**Try it**: Below are records with pictures. Transcribe exactly, and only, the lines from the line with "在原辅料供应、生产管理、仓储" to the line with "Grilled chicken, steak", both ends included, but not the pictures.

**Source information**:
[Start of Attachment]

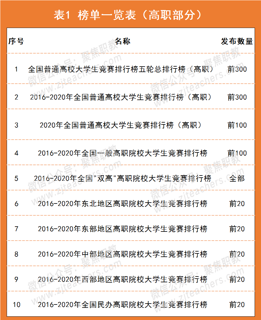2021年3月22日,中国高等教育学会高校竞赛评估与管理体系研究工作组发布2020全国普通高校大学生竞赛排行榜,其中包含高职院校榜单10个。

[End of Attachment]
[Start of Attachment]

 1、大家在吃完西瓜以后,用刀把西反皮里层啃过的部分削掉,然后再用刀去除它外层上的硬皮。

[End of Attachment]
[Start of Attachment]

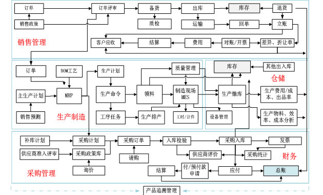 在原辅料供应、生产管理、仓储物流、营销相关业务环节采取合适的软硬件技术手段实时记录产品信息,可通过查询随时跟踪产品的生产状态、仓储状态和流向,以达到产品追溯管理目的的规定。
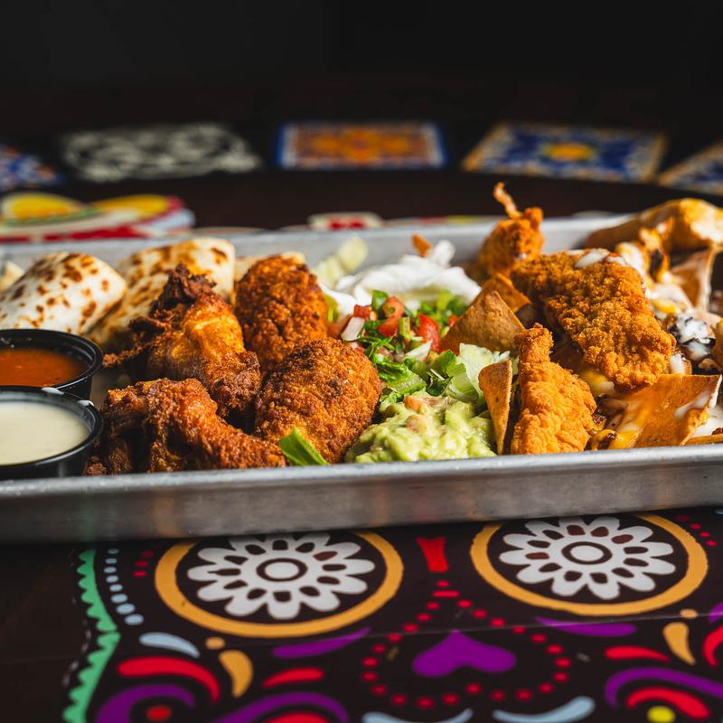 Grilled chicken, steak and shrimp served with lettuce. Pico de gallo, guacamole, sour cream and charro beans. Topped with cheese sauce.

[End of Attachment]

**Task answer**:
 在原辅料供应、生产管理、仓储物流、营销相关业务环节采取合适的软硬件技术手段实时记录产品信息,可通过查询随时跟踪产品的生产状态、仓储状态和流向,以达到产品追溯管理目的的规定。
 Grilled chicken, steak and shrimp served with lettuce. Pico de gallo, guacamole, sour cream and charro beans. Topped with cheese sauce.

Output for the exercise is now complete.